═════ INFORMATION SUPPLIED ═════

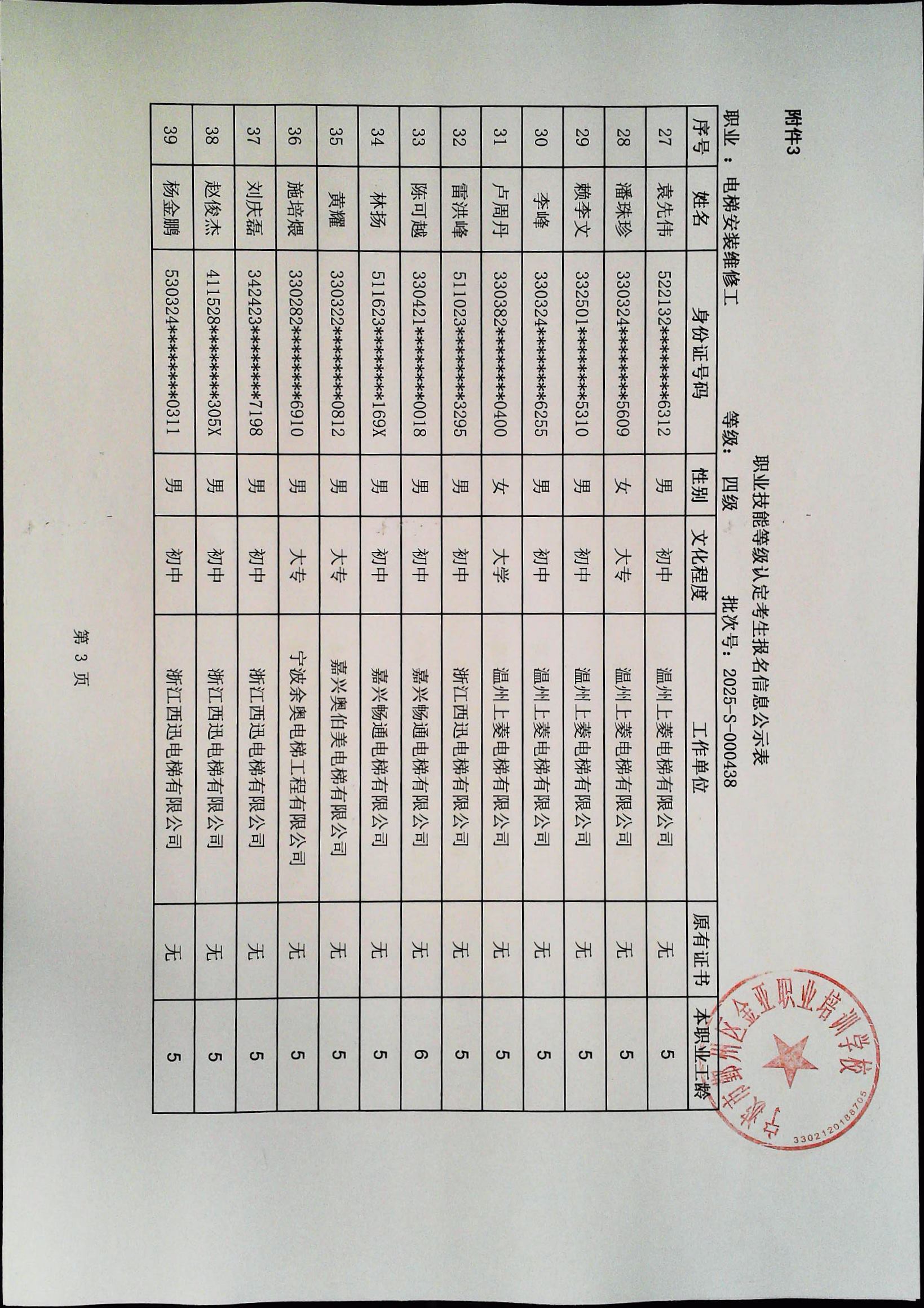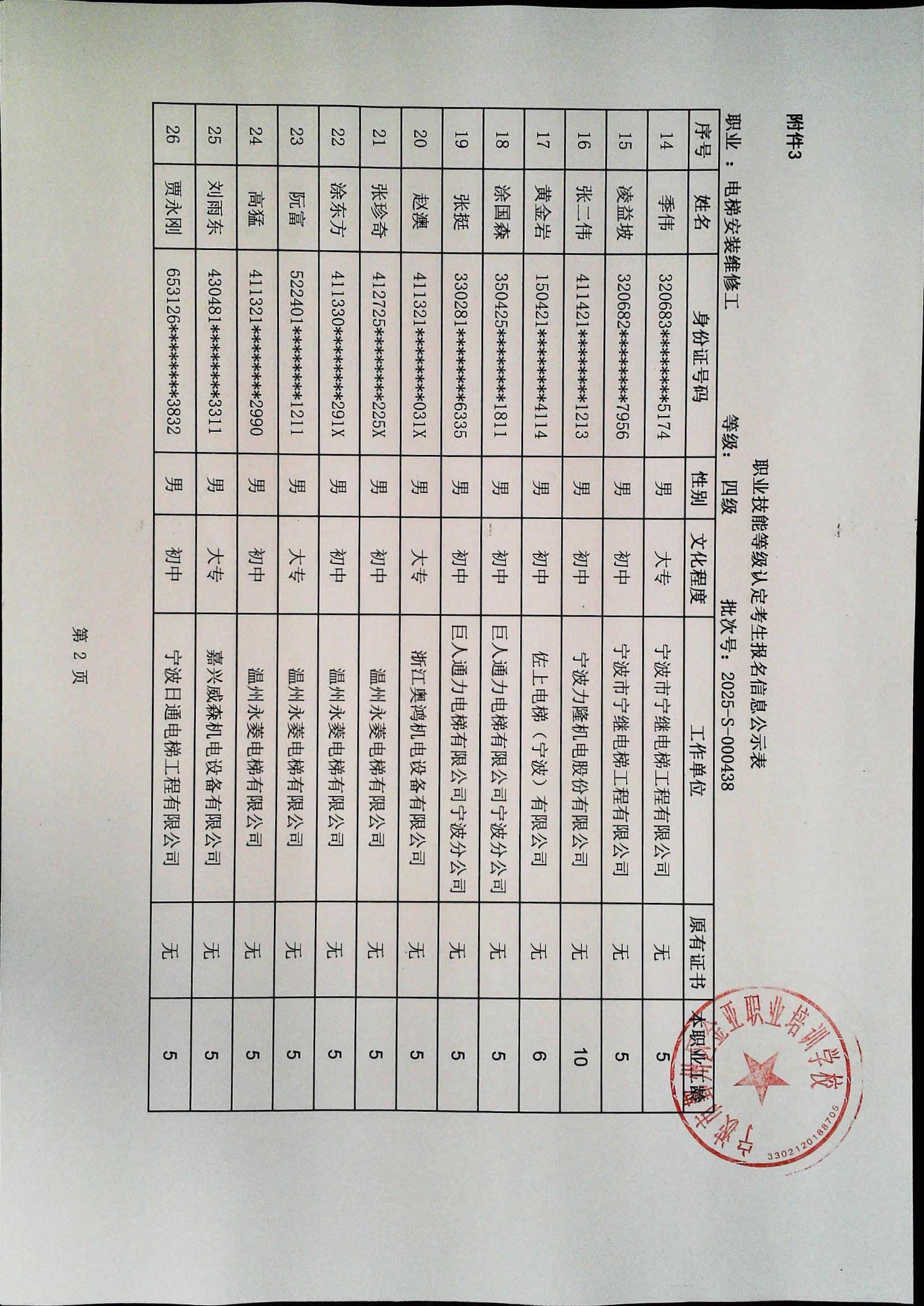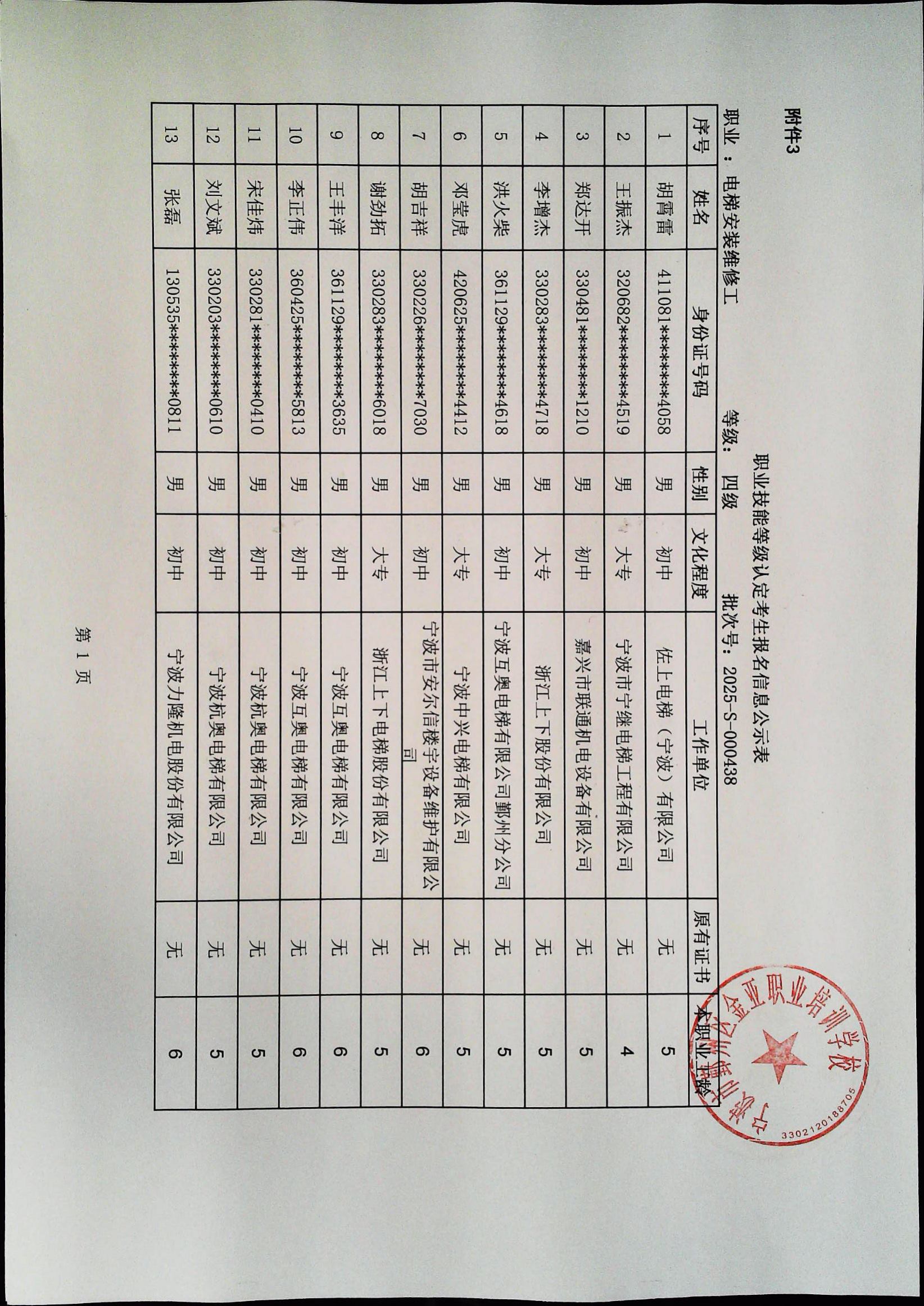 按照宁波市人社局鉴定中心公开电梯安装维修工等级认证考试公告规定的程序,把鄞州区人社局鉴定中心审核通过名单进行公示,现公示名单附件:
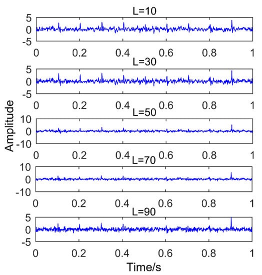 However, the ability of MEDA to reduce noise and enhance impact components largely depends on its parameter, L, which is the length of filter. Figure 10 shows the results obtained by MEDA for processing the simulated signal when changing the length of filter. Table 1 is the kurtosis value corresponding to the obtained results.
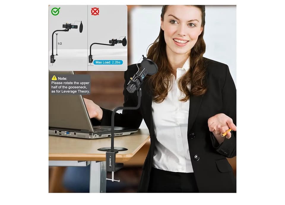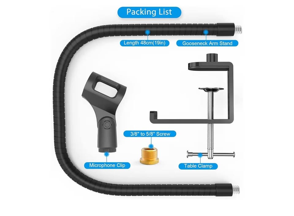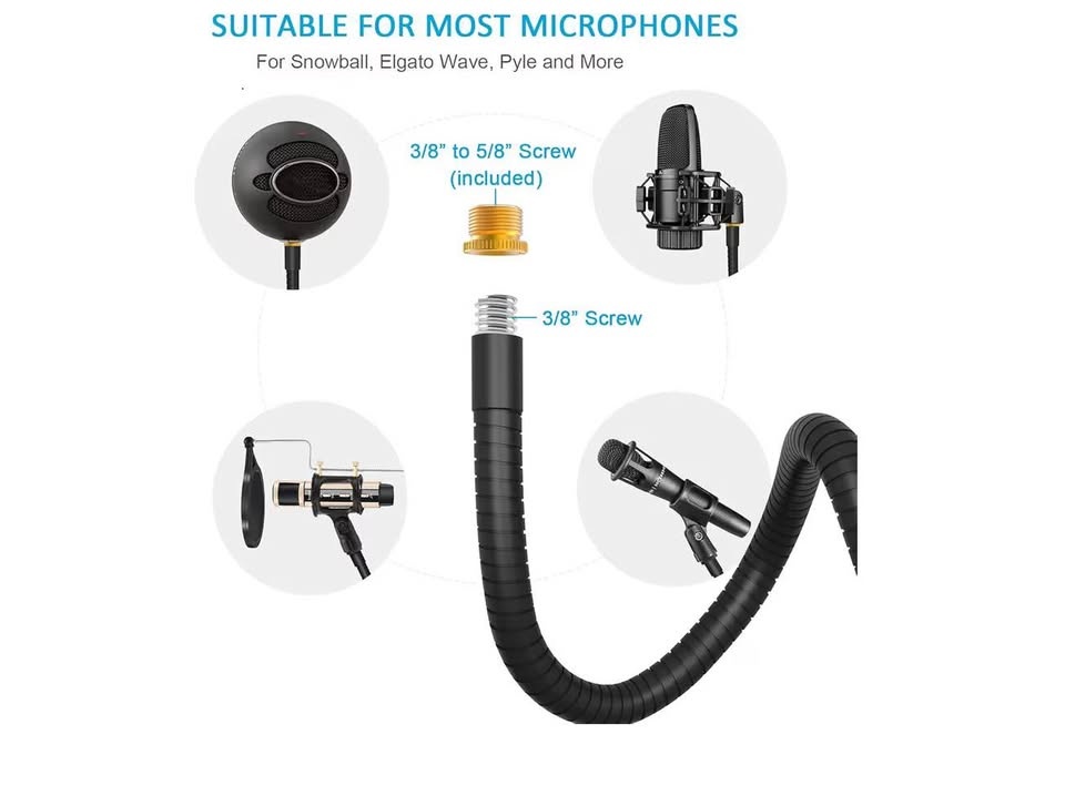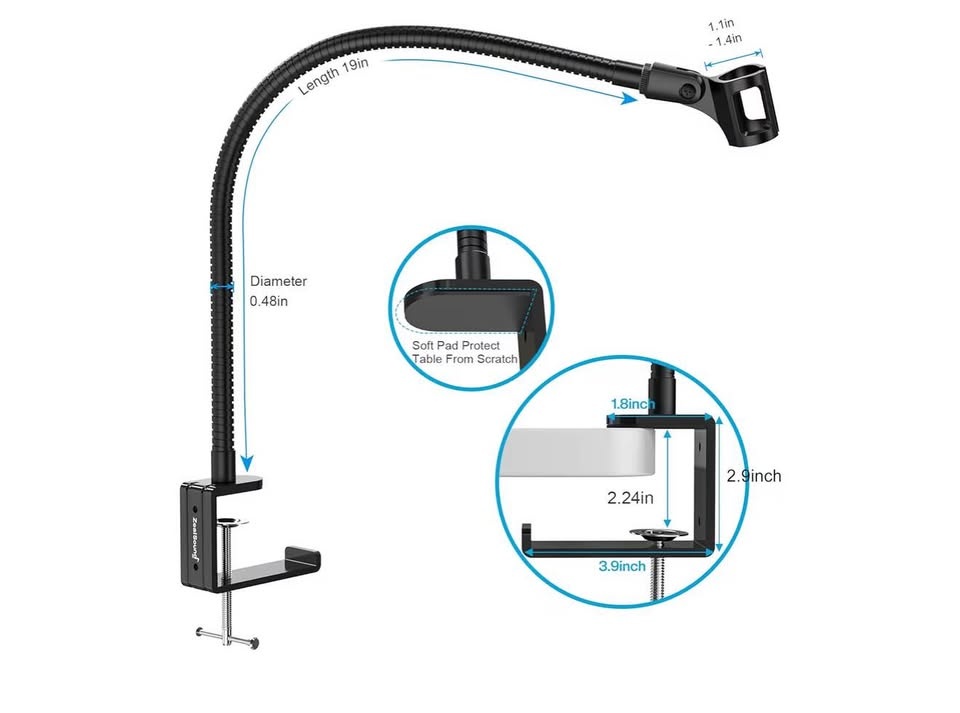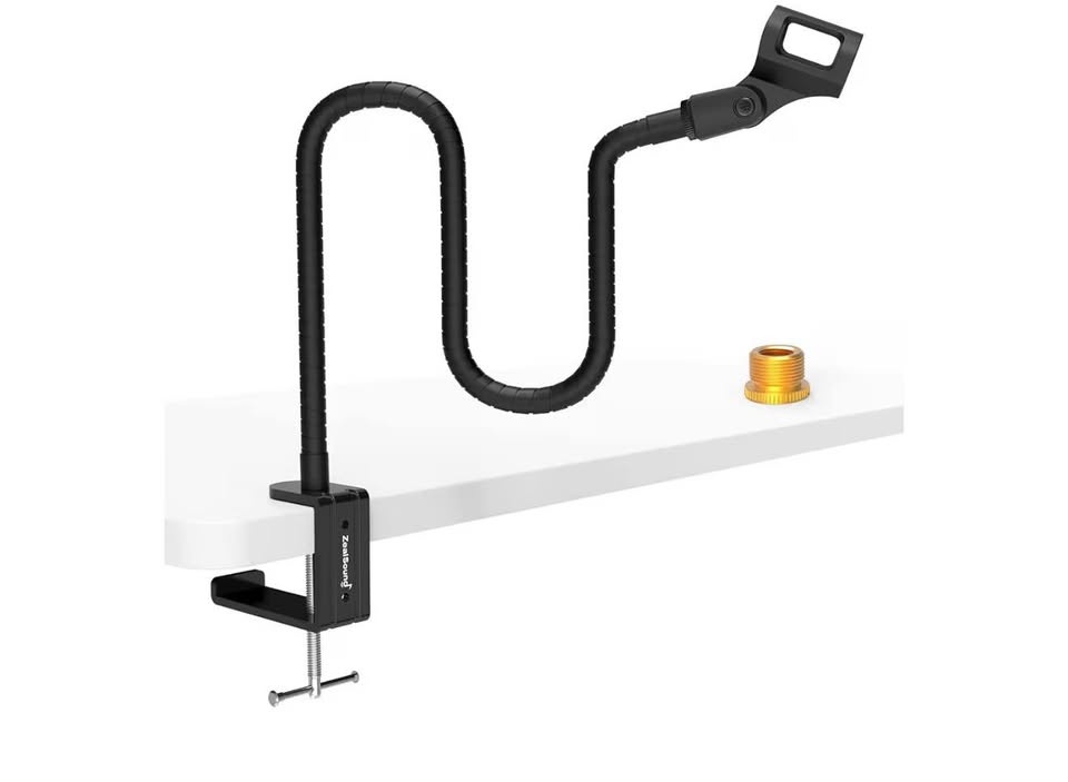 ZealSound Microphone Arm Stand, 19 Inch Long Universal Gooseneck Desktop Mic Stand with 3/8" to 5/8" Adapter and Microphone Clip Holder, Upgraded Heavy Duty Desk Clamp Compatible with Snowball Ice

═════

WHAT THE TASK ASKS:
Give back exactly the run of lines that opens the material above and ends at the line with "However, the ability". Omit the pictures.

OUTPUT:
 按照宁波市人社局鉴定中心公开电梯安装维修工等级认证考试公告规定的程序,把鄞州区人社局鉴定中心审核通过名单进行公示,现公示名单附件:
 However, the ability of MEDA to reduce noise and enhance impact components largely depends on its parameter, L, which is the length of filter. Figure 10 shows the results obtained by MEDA for processing the simulated signal when changing the length of filter. Table 1 is the kurtosis value corresponding to the obtained results.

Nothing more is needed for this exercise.